6. Volume Threshold for Viability
- Floor: $50K vendor ACV + $30K amortized impl + $50K internal AI-ops = $130K/yr fixed
- At $15 blended/ticket × 40% deflection → need ~21K tickets/yr ≈ 60/day floor
- Below 30/day, AI tools cost MORE than they save unless: (a) SLA premium, (b) self-serve + zero impl, (c) regulated industry $100+/ticket
- Strategic: Mid-market 100-500/day is the sweet spot. Enterprise >2,000/day = FDE-heavy services compressing margins. SMB <30/day = self-serve land grab.
7. Switching Cost / TCO
Year-1 TCO multiplier: 2.0–2.5× quoted ACV
- Implementation services: $40-200K
- Internal eng integration: 160-400 hrs ($30-80K)

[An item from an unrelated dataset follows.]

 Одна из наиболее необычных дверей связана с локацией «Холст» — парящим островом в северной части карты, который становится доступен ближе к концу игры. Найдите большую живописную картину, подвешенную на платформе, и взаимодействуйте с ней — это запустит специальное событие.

- Training data prep: $20-100K
- KB curation: $20-60K
- Change management: $30-100K
- Dual-running 2-6 months
- Ongoing prompt/skill maintenance: 0.5-1 FTE
- Cash payback for mid-market: 12-18 months realistic
8. Founder Economics
Bootstrap to $1M ARR:
- 4 engineers × $250K loaded × 18 months = $1.5M
- Inference + infra: $270K
- Total: $1.8-2.5M to reach 10 customers × $100K — within seed range
Competitive (vs Sierra/Decagon head-to-head):
- 6-10 core engineers + 3-5 FDE by 10 customers
- Full-time evals/red team
- $5-8M/year burn at product-ready stage
Scaling curve: $1M→$10M now 2× cheaper than classic SaaS. $10M→$100M is roughly the same as classic SaaS, sometimes worse, because outcome pricing compresses revenue as product improves.

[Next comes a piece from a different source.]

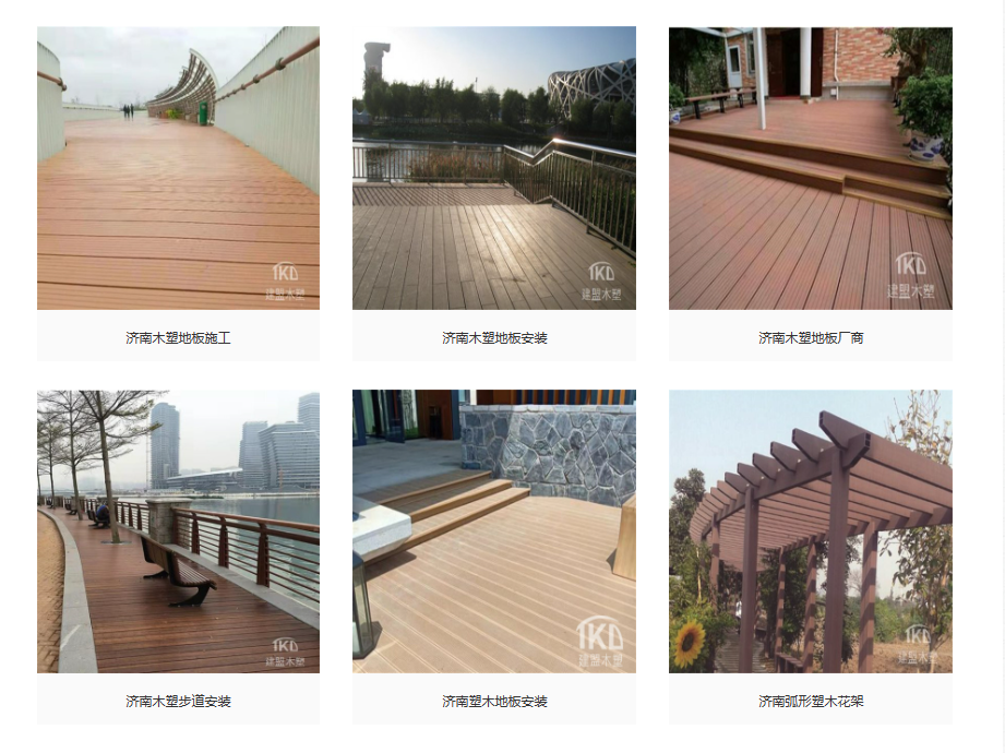 济南建盟木塑建材(电话:18563703099)是一家专业的济南木塑地板墙板生产销售及安装厂家。主要生产销售塑木板材, 济南塑木地板 , 济南生态木,木塑板,木塑墙板,木塑栈道,木塑护栏,木塑隔栅等产品。本着诚信的原则坚持把关每一单产品的质量。有专业的检测设备,以及生产设备,可以按客户需求完成所有园林小品的制作。有专业的设计人员,可以按照客户的需要出图制作,满足客户的各种需求。济南塑木地板公司区位优越,交通便捷,公司附近有环城快速路,周边有大型物流中心。 济南木塑地板厂家生产塑木地板,木塑地板,济南生态木,塑木栏杆,塑木公园椅,塑木椅子条,济南塑木花箱,济南木塑墙板,塑木外墙装饰,塑木花架,塑木廊架,塑木凉亭,塑木户外路径,塑木广告标志牌等户外塑木材料。济南木塑复合材料主要用于园林景观(小品)工程,市政工程和房地产物业等。济南木塑科技产品是由塑料与木质纤维经过特殊处理加工而成的一种新型绿色环保景观材料。济南木塑科技型材优点:不腐烂,不变形,不退色,据虫害,防火性能好,免维护,免油漆等,塑木产品拥有20年使用期。.......

9. What Kills These Companies
- Forethought — acquired by Zendesk March 2026, ~$200M+. Mid-tier squeezed between Zendesk-AI bottom and Sierra/Decagon top. Lesson: middle is hard to defend.

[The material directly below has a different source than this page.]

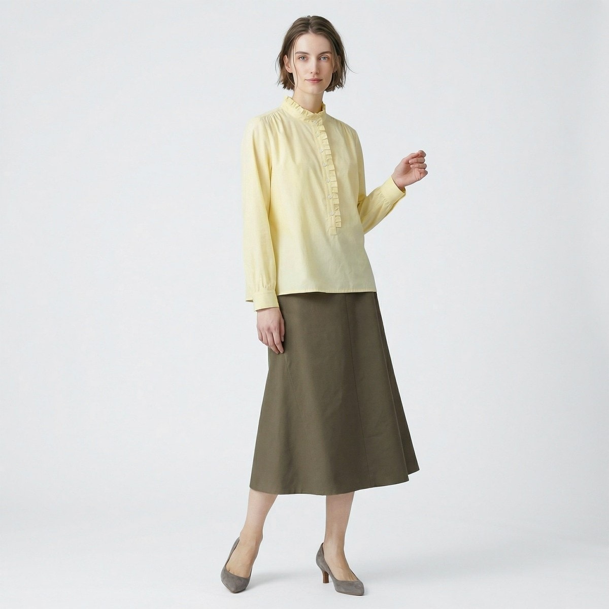 ハリのある肉厚なコットンチノ素材で仕立てた、フレアシルエットのスカートです。落ち着きのある膝下丈のスカートは、大人の女性におすすめ。コーディネート力に優れた、ベーシックなカラーがラインナップしています。プリントやチェック柄のトップス・アクセサリーともコーディネートをお楽しみいただけます。

- Subtl.ai shut down July 2025 — horizontal "AI for knowledge" without vertical fit
- DigitalGenius — pre-LLM era, pivoted to Shopify/ecom niche, no longer in conversation
- 27% of AI startups (3,800) shut down 2025, +13% (1,800) early 2026 — ~40% failure in 24mo
- Cresta scaling cautionary: $52M rev / 508 employees = broken cost structure
- Qualtrics: AI customer service fails at 4× rate of any other AI use case for end-customer satisfaction
10. Five Sharpest Economic Insights
-
HITL has fundamentally better unit economics than full-autonomy. $0.15 inference + $1.80 reduced human = ~$2/ticket. Customer keeps control. Sell certainty, not deflection.
-
Vendor margin floor is 60-65%, not 80%. FDE/solutions is COGS, not S&M. Build pricing to land at $2-3/ticket-touched (HITL) so $100K customer = ~50K tickets/yr — covers FDE.
-
Per-resolution is the puck, but the puck is moving to hybrid. Pure per-resolution produces customer rage at scale and renegotiation when AI improves. Price like Twilio: floor + meter + ceiling.
-
Viable customer floor ~30/day, sweet spot 100-500/day. Below 30 → fixed cost crushes ROI. Above 2,000 → bespoke compresses margins. Mid-market is AZ-shaped target — also where Dapper sits and most crypto/web3 lives.
-
Inference costs NOT going to zero. Sonnet 4.6 flat from 4.5; GPT-5.5 doubled prices April 2026. The era of monotonic price drops is over. Win comes from caching architecture, cascaded routing, bounded agentic loops — not from waiting for prices to fall. Build cost discipline into v1.
Bottom-line: A focused 4-engineer AZ team can plausibly hit $1M ARR in 18 months on $2-2.5M burn by targeting 100-500-tickets/day mid-market with HITL-first product, hybrid pricing (~$60K floor + $0.50/ticket overage), and vertical wedge (web3/crypto Tier-2 work). Avoid Sierra/Cresta playbook of $200M+ raises for F500 logos.
Risk: LLM platform players (Anthropic, OpenAI) ship "support agent" first-party in 2026-27 and compress vertical into a feature. Defensible moat = integration depth + vertical workflows + HITL UX, not model orchestration.